# LOOK here......



## Rich.H (Feb 5, 2007)

Enjoy.....

http://www.youtube.com/watch?v=U22KtYErNp0

Cheers

Rich


----------



## Tinea Pedis (Aug 14, 2009)

Di2 is cool.

No more lugs


----------



## maximum7 (Apr 24, 2008)

Please oh please tell me it's either a replacement for the 586 or a new model...! 
No lugs? I'll crap their pants if the stop using lugs....
The stem with no top cap however, is very cool.


----------



## flying (Feb 17, 2004)

Here are some stills from the vid


----------



## maximum7 (Apr 24, 2008)

Thanks Flying! Very cool of you. 

Looks like the melded the square-ish shapes of the 566 with say, the 586..?


----------



## il sogno (Jul 15, 2002)

No lugs? sigh... it's a good thing I already got my lugged LOOK.


----------



## filtersweep (Feb 4, 2004)

Looks like a perversion of their old KX line and a Specialized. I am not feeling the love.
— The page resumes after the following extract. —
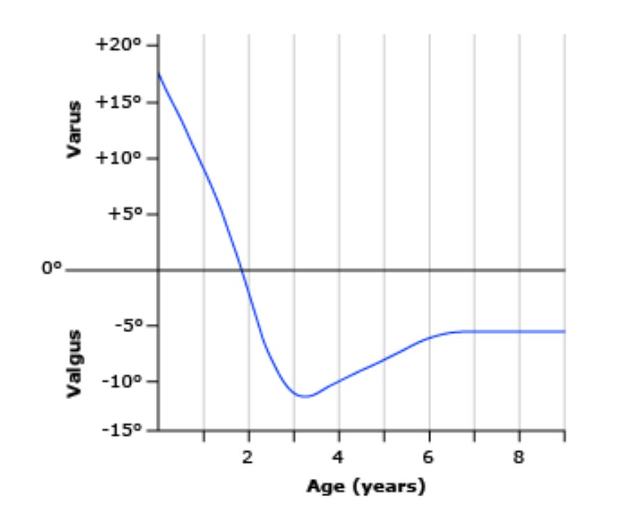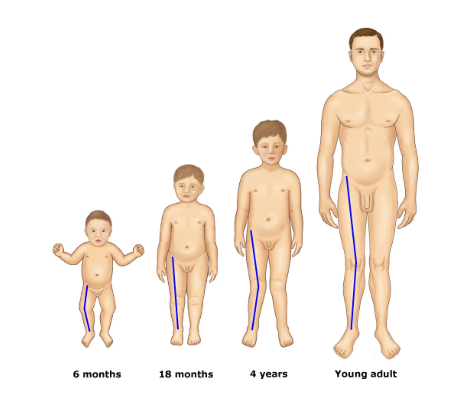 Ось нижних конечностей проходит через последовательность изменений в первые семь лет жизни: от варусной деформации (O-образной) с рождения до примерно 18 месяцев, к нейтральному положению в возрасте от 18 до 24 месяцев, затем к вальгусной деформации (X-образные ноги), и, наконец, возвращается к нейтральной оси. У взрослых ось нижних конечностей обычно имеет небольшой вальгус.

Anyone else believe these crazy styles will look hopelessly dated in a few years?


/still riding my 281. still the perfect bike.


----------



## flying (Feb 17, 2004)

il sogno said:


> No lugs? sigh... it's a good thing I already got my lugged LOOK.


 hahah I guess we are old school eh?

I feel the same & I just cant help myself. You know it started with those Trek Madones I hate the sound of those 

But this being a Look I would not turn a test ride down if offered one...Ya never know.


----------



## flying (Feb 17, 2004)

maximum7 said:


> Thanks Flying! Very cool of you.
> 
> Looks like the melded the square-ish shapes of the 566 with say, the 586..?
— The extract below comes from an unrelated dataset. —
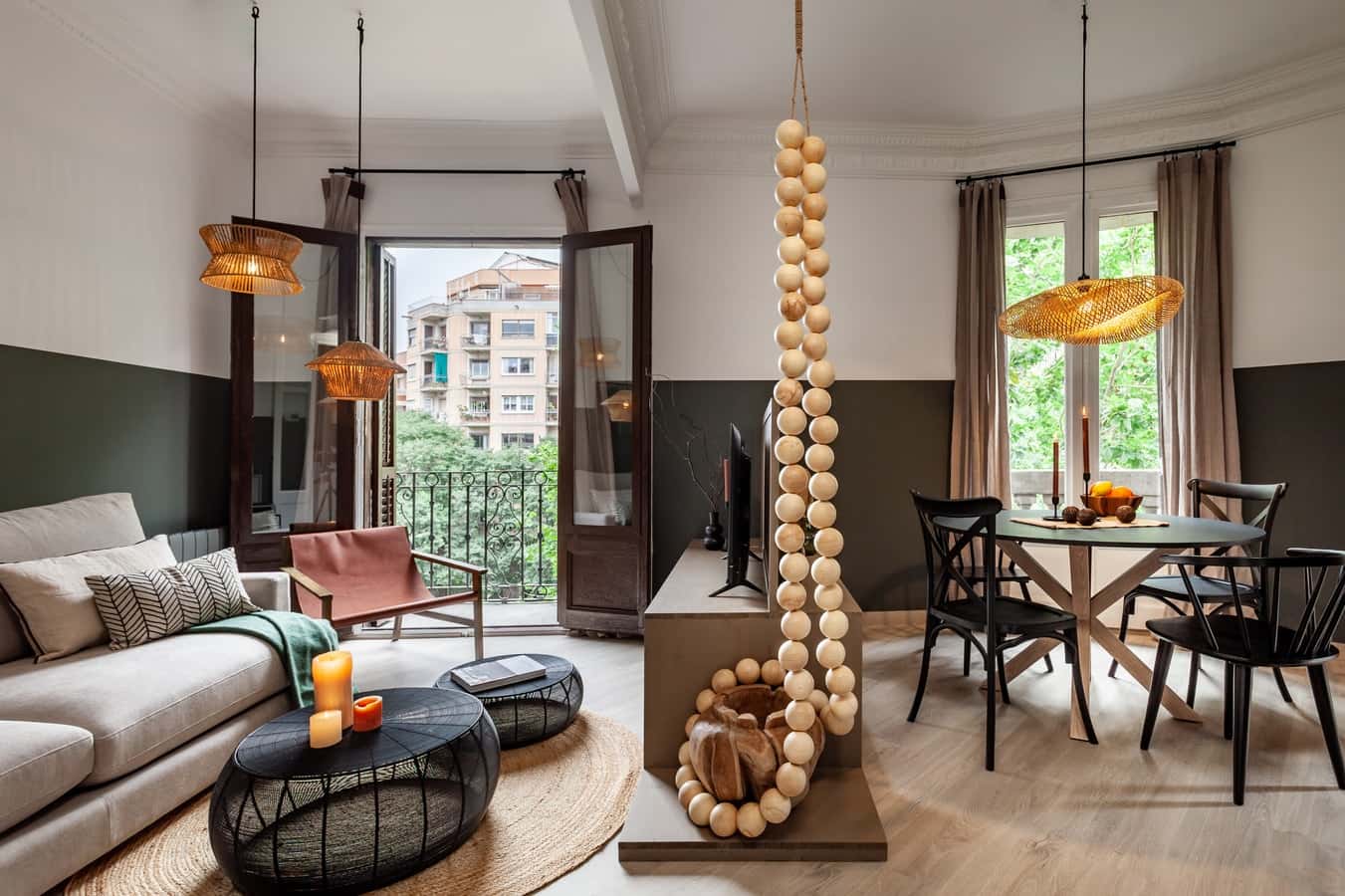 EN Our mission is to empower individuals to immerse themselves in new places by having a home wherever they go. We do this by providing artfully designed fully furnished and serviced apartments for stays of one month or more. We are currently present in some of the most important cities in Europe As lush and green as the jungle, Vili is an 80 square meter apartment located in the Sant Antoni neighborhood of Barcelona. Right in the heart of the city, in a place that’s rich with restaurants, cafes, and bars, this apartment with 1 double bedroom and 1 single bedroom, 1 bathroom, and an office is hard to miss. For comfort, this apartment also comes with air conditioning in the living room and in one bedroom. Fully furnished with everything you need, including bedding, linens, and a fully equipped kitchen, Vili is artfully decorated with unique woven baskets and wooden beading hanging from the ceiling, as an ode to the complex jungle environment. The french balconies bring a breath of life into the apartment and help transform this green space into a home. *We welcome pets, fees are subject to apply. Guests will be informed of any additional charges in the final contract. *We cannot be held liable for any noises (construction, or street noise) done outside the apartment. We also cannot be liable for any rooms without air conditioning (all the rooms with air conditioner will be explicitly explained in our description). We will not accept any reservation cancellations or refund request related to these two issues. *Our in-house design team expertly selects all apartment furniture and decor to ensure the highest level of quality and comfort. As part of consistent home upkeep, design improvements, and photo staging, there may be minor differences in furnishings seen in the photos and what you find in the apartment. Inquire with a sales agent for any questions or doubts. *This accommodation may only be used for stays longer than 31 nights for personal purposes such as holiday, recreational, or leisure. The information provided may be submitted to the relevant registry and/or administrative authority in accordance with Catalan regulations. NRA ESFCNT00000806900099576300000000000000000000000000001

No problemo...guess I should have resized them for width eh? 

It is interesting & I would like to see one up close

Does have that kink in the TT like the 566


----------



## GrandpaBob (Jan 8, 2009)

I do like the look of the head tube and how the stem fits, but no lugs? Almost starting to look like a Trek, and I don't like Trek. About a year from now I'll be able to buy a lugged 595.


----------



## il sogno (Jul 15, 2002)

flying said:


> hahah I guess we are old school eh?
> 
> I feel the same & I just cant help myself. You know it started with those Trek Madones I hate the sound of those


Exactly. Those monocoque frames are so noisy.


----------



## Chris Keller (May 19, 2008)

It looks nice and seems to have some interesting/appealing technology...but hope it's not like a Trek...pleck!!

I happen to like the KX Light...got one that has never been built off ebay and I plan on building up later this year. 

I'll be keeping my 595 Ultra!!! but I won't pass up a test ride on this baby.


----------



## jasjas (Dec 16, 2009)

at first glance, looks like a TREK, would prefer to have a choice over the stem(maybe you can, dont know how integrated it is) and how could it poss ride any better than my 595? which is sublime. Maybe its carbon wrapped lugs? nah!
anyone make out if its got an ISP ?


----------



## ewitz (Sep 11, 2002)

Missing one big thing:



Looks like there is finally a road version of the one piece monobloc cranks


----------



## a_avery007 (Jul 1, 2008)

looks like they merged a Cervelo R3 with a 566..lol

still would not mind riding one at all....


----------